Gropius's Dream of "Total Art"—The Bauhaus's Pursuit of Comprehensive Design
What did Walter Gropius, the founder of the Bauhaus, dream of? He championed the idea of "Gesamtkunstwerk" (total work of art) – an ideal of integrally designing every aspect of a living space, from furniture, lighting, and textiles to cutlery, with architecture at its apex.
Where did this dream come from, and what did it change? Tracing the figure of Gropius reveals the core of the Bauhaus.
Peter Behrens' Office – Where Three Giants Met
Around 1907, and for several years thereafter, three young men who would later shape 20th-century architecture successively worked at Peter Behrens' design office in Berlin: Walter Gropius, Mies van der Rohe, and Le Corbusier.
As the artistic consultant for AEG (Germany's largest electrical manufacturer), Behrens was responsible for everything from factory architecture to product design and logos. He was a pioneer of what we now call "total brand design." Here, Gropius absorbed the conviction that "architecture and industrial production are intrinsically one."
In 1911, Gropius, now independent, designed the Fagus Factory (Lower Saxony) with Adolf Meyer. By recessing the columns inside the building and creating a curtain wall with glass corners – a method often called the "dematerialization" of the wall – this approach was directly inherited by the later Dessau Bauhaus building. This building was inscribed as a UNESCO World Heritage Site in 2011.
From Wagner to Gropius – The Democratization of "Total Art"
The concept of "Gesamtkunstwerk" (total work of art) was originally proposed by the composer Richard Wagner in 1849. It envisioned a multi-sensory experience integrating music, drama, visual arts, and architecture.
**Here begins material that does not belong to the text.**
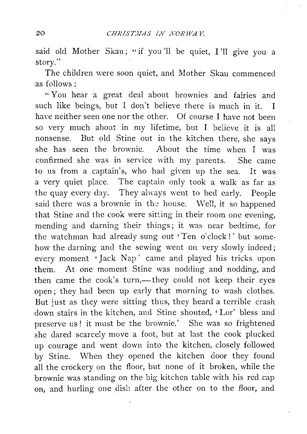 "You hear a great deal about brownies and fairies and such like beings, but I don't believe there is much in it. I have neither seen one nor the other. Of course I have not been so very much about in my lifetime, but I believe it is all nonsense. But old Stine out in the kitchen there, she says she has seen the brownie. About the time when I was confirmed she was in service with my parents. She came to us from a captain's, who had given up the sea. It was a very quiet place. The captain only took a walk as far as the quay every day. They always went to bed early. People said there was a brownie in the house. Well, it so happened that Stine and the cook were sitting in their room one evening, mending and darning their things; it was near bedtime, for the watchman had already sung out 'Ten o'clock!' but somehow the darning and the sewing went on very slowly indeed; every moment 'Jack Nap' came and played his tricks upon them. At one moment Stine was nodding and nodding, and then came the cook's turn,—they could not keep their eyes open; they had been up early that morning to wash clothes. But just as they were sitting thus, they heard a terrible crash down stairs in the kitchen, and Stine shouted, 'Lor' bless and preserve us! it must be the brownie.' She was so frightened she dared scarcely move a foot, but at last the cook plucked up courage and went down into the kitchen, closely followed[Page 21] by Stine. When they opened the kitchen door they found all the crockery on the floor, but none of it broken, while the[Page 22] brownie was standing on the big kitchen table with his red cap on, and hurling one dish after the other on to the floor, and[Page 23] laughing in great glee. The cook had heard that the brownies could sometimes be tricked into moving into another house when anybody would tell them of a very quiet place, and as she long had been wishing for an opportunity to play a trick upon this brownie, she took courage and spoke to him,—her voice was a little shaky at the time,—that he ought to remove to the tinman's over the way, where it was so very quiet and pleasant, because they always went to bed at nine o'clock every evening; which was true enough, as the cook told Stine later, but then the master and all his apprentices and journeymen were up every morning at three o'clock and hammered away and made a terrible noise all day. Since that day they have not seen the brownie any more at the captain's. He seemed to feel quite at home at the tinman's, although they were hammering and tapping away there all day; but people said that the gude-wife put a dish of porridge up in the garret for him every Thursday evening, and it's no wonder that they got on well[Page 24] and became rich when they had a brownie in the house. Stine believed he brought things to them. Whether it was the brownie or not who really helped them, I cannot say," said Mother Skau, in conclusion, and got a fit of coughing and choking after the exertion of telling this, for her, unusually long story.

For Wagner, this took place in a privileged space like the Bayreuth Festspielhaus, and the audience was also a select few.
Gropius fundamentally reinterpreted this concept. Instead of individual creations by genius artists, he envisioned integrated design realized through the collaboration of craftspeople. Instead of privileged spaces like theaters, it would encompass homes and everyday objects where everyone lived. Gropius's "total art" democratized Wagner's romantic ideal and brought it into the realm of the everyday.
The Medieval Craftsmen Summoned by the Manifesto
In April 1919, Gropius published the Bauhaus Manifesto. The cover featured a woodcut of a Gothic cathedral by Lyonel Feininger.
The school's name "Bauhaus" itself is a play on "Bauhütte" (building hut). Medieval German cathedral construction sites had guildhuts where stonemasons, carpenters, sculptors, and glassmakers gathered to pass on their skills. Gropius consciously referenced this medieval craft community, declaring, "There is no essential difference between artists and craftsmen," and "Let's create a new guild of craftsmen."
The core phrase of the manifesto was: "The ultimate goal of all visual arts is the complete building." It wasn't about worshipping architecture as an isolated art form, but rather arguing that all crafts and design should collaborate towards architecture as a unified whole.
Haus am Horn: An Experiment
In 1923, the Bauhaus held a major exhibition in Weimar titled "Art and Technology – A New Unity." The highlight of this exhibition was an experimental house called "Haus am Horn."
Designed by Bauhaus master Georg Muche, it featured a rational plan with a central living room with high windows, surrounded by smaller functional rooms, all within a square footprint. Construction took a mere three months.
This house is significant because it was the first instance where all Bauhaus workshops collaborated on a single building. Marcel Breuer's furniture workshop created the living room furniture, the weaving workshop supplied the carpets, and the metal workshop provided the lighting. It was the first concrete manifestation of the "architecture as a total work of art" that Gropius had proclaimed in his manifesto.
From Craft to Machine – The Transformation of 1923
The 1919 manifesto carried a certain nostalgia for the Middle Ages. However, the 1923 exhibition slogan, "Art and Technology – A New Unity," signaled a clear shift in direction.
Several factors contributed to this change. The reality that mass production of handcrafted goods was financially unsustainable. The industrial-oriented ideas brought in by teachers influenced by constructivism, such as Moholy-Nagy, who joined in 1923. And the deepening of Gropius's own reflections – a departure from the romanticism that viewed machine production as "inferior."
Gropius stated: "The workshop is a laboratory for developing and improving prototypes." This was a redefinition of the Bauhaus's role, transcending the dichotomy between handcraft and machine to design high-quality prototypes. Without this transformation, the Bauhaus's ideas would not have been able to connect with 20th-century industrial design.